_Your assignment:_ Go to the line holding "Publiczność zastuchana chłonęła" in the entries below and write out exactly every line down to and including the line holding "А. Бремом. —".

_Records shown:_
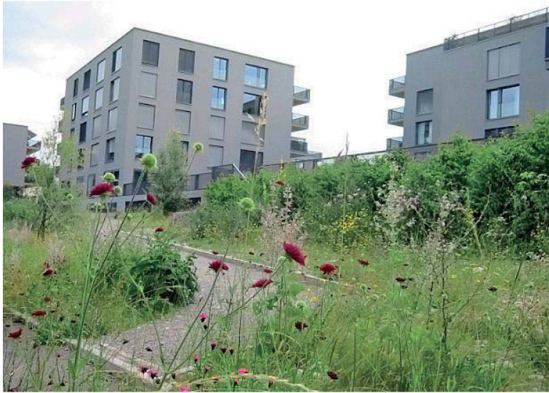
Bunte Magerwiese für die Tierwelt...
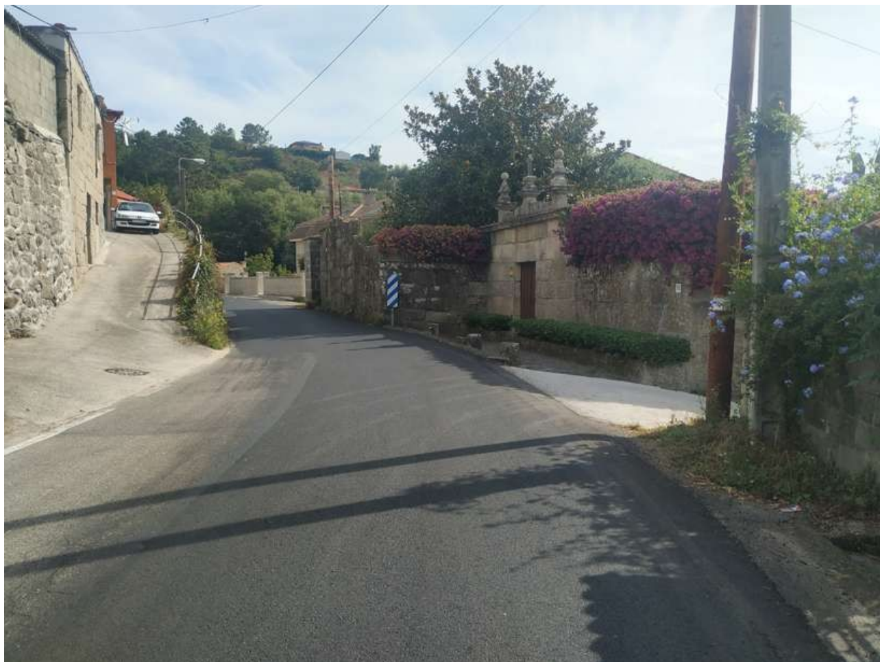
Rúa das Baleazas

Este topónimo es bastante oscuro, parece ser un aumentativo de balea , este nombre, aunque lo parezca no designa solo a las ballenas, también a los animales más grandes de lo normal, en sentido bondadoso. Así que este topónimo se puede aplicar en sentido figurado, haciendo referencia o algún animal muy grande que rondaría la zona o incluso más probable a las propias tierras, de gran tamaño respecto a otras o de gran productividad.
* * *
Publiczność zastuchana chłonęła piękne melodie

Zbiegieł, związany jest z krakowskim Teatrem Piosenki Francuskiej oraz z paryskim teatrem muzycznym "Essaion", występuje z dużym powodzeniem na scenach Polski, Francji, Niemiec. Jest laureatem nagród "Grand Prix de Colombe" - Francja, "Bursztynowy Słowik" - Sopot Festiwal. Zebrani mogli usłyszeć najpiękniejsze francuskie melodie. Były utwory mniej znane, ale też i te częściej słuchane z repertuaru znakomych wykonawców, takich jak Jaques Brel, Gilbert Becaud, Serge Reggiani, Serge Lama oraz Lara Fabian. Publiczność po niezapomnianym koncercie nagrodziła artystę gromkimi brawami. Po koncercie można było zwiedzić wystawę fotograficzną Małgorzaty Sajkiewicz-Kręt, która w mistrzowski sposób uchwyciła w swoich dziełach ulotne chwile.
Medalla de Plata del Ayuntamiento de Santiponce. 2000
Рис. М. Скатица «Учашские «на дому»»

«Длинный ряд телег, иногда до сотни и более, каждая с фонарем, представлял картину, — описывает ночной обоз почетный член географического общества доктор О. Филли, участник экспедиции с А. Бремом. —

_Expected answer:_
Publiczność zastuchana chłonęła piękne melodie

Zbiegieł, związany jest z krakowskim Teatrem Piosenki Francuskiej oraz z paryskim teatrem muzycznym "Essaion", występuje z dużym powodzeniem na scenach Polski, Francji, Niemiec. Jest laureatem nagród "Grand Prix de Colombe" - Francja, "Bursztynowy Słowik" - Sopot Festiwal. Zebrani mogli usłyszeć najpiękniejsze francuskie melodie. Były utwory mniej znane, ale też i te częściej słuchane z repertuaru znakomych wykonawców, takich jak Jaques Brel, Gilbert Becaud, Serge Reggiani, Serge Lama oraz Lara Fabian. Publiczność po niezapomnianym koncercie nagrodziła artystę gromkimi brawami. Po koncercie można było zwiedzić wystawę fotograficzną Małgorzaty Sajkiewicz-Kręt, która w mistrzowski sposób uchwyciła w swoich dziełach ulotne chwile.
Medalla de Plata del Ayuntamiento de Santiponce. 2000
Рис. М. Скатица «Учашские «на дому»»

«Длинный ряд телег, иногда до сотни и более, каждая с фонарем, представлял картину, — описывает ночной обоз почетный член географического общества доктор О. Филли, участник экспедиции с А. Бремом. —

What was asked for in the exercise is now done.